Note that the range option is only available in newer(1.9+ I believe) versions of ruby.

Answer 10

range = 10..50

rand(range)

or

range.to_a.sample

or

range.to_a.shuffle(this will shuffle whole array and you can pick a random number by first or last or any from this array to pick random one)

Answer 11

you can do rand(range)

x = rand(1..5)

Answer 12

This link is going to be helpful regarding this;

http://ruby-doc.org/core-1.9.3/Random.html

And some more clarity below over the random numbers in ruby;

Generate an integer from 0 to 10

puts (rand() * 10).to_i

Generate a number from 0 to 10 In a more readable way

puts rand(10)

Generate a number from 10 to 15 Including 15

puts rand(10..15)

Non-Random Random Numbers

Generate the same sequence of numbers every time the program is run

srand(5)

Generate 10 random numbers

puts (0..10).map{rand(0..10)}

Answer 13

Easy way to get random number in ruby is,

def random    
  (1..10).to_a.sample.to_s
end

Answer 14

Maybe it help you. I use this in my app

https://github.com/rubyworks/facets
class String

  # Create a random String of given length, using given character set
  #
  # Character set is an Array which can contain Ranges, Arrays, Characters
  #
  # Examples
  #
  #     String.random
  #     => "D9DxFIaqR3dr8Ct1AfmFxHxqGsmA4Oz3"
  #
  #     String.random(10)
  #     => "t8BIna341S"
  #
  #     String.random(10, ['a'..'z'])
  #     => "nstpvixfri"
  #
  #     String.random(10, ['0'..'9'] )
  #     => "0982541042"
  #
  #     String.random(10, ['0'..'9','A'..'F'] )
  #     => "3EBF48AD3D"
  #
  #     BASE64_CHAR_SET =  ["A".."Z", "a".."z", "0".."9", '_', '-']
  #     String.random(10, BASE64_CHAR_SET)
  #     => "xM_1t3qcNn"
  #
  #     SPECIAL_CHARS = ["!", "@", "#", "$", "%", "^", "&", "*", "(", ")", "-", "_", "=", "+", "|", "/", "?", ".", ",", ";", ":", "~", "`", "[", "]", "{", "}", "<", ">"]
  #     BASE91_CHAR_SET =  ["A".."Z", "a".."z", "0".."9", SPECIAL_CHARS]
  #     String.random(10, BASE91_CHAR_SET)
  #      => "S(Z]z,J{v;"
  #
  # CREDIT: Tilo Sloboda
  #
  # SEE: https://gist.github.com/tilo/3ee8d94871d30416feba
  #
  # TODO: Move to random.rb in standard library?
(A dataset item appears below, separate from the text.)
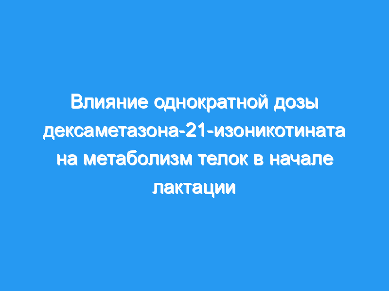 Восьми телкам шведской помеси, возрастом около двух с половиной лет, была введена однократная внутримышечная доза дексаметазона-21-изоникотината между девятью и 15 днями после отела, и восемь таких же телок остались без лечения.

  def self.random(len=32, character_set = ["A".."Z", "a".."z", "0".."9"])
    chars = character_set.map{|x| x.is_a?(Range) ? x.to_a : x }.flatten
    Array.new(len){ chars.sample }.join
  end

end

https://github.com/rubyworks/facets/blob/5569b03b4c6fd25897444a266ffe25872284be2b/lib/core/facets/string/random.rb

It works fine for me

Answer 15

How about this one?

num = Random.new
num.rand(1..n)

Answer 16

Don't forget to seed the RNG with srand() first.

Answer 17

Try array#shuffle method for randomization

array = (1..10).to_a
array.shuffle.first

Answer 18

You can use ruby rand method for this like below:

rand(n+1)

You need to use n+1 as the rand method returns any random number greater than or equal to 0 but less than the passed parameter value.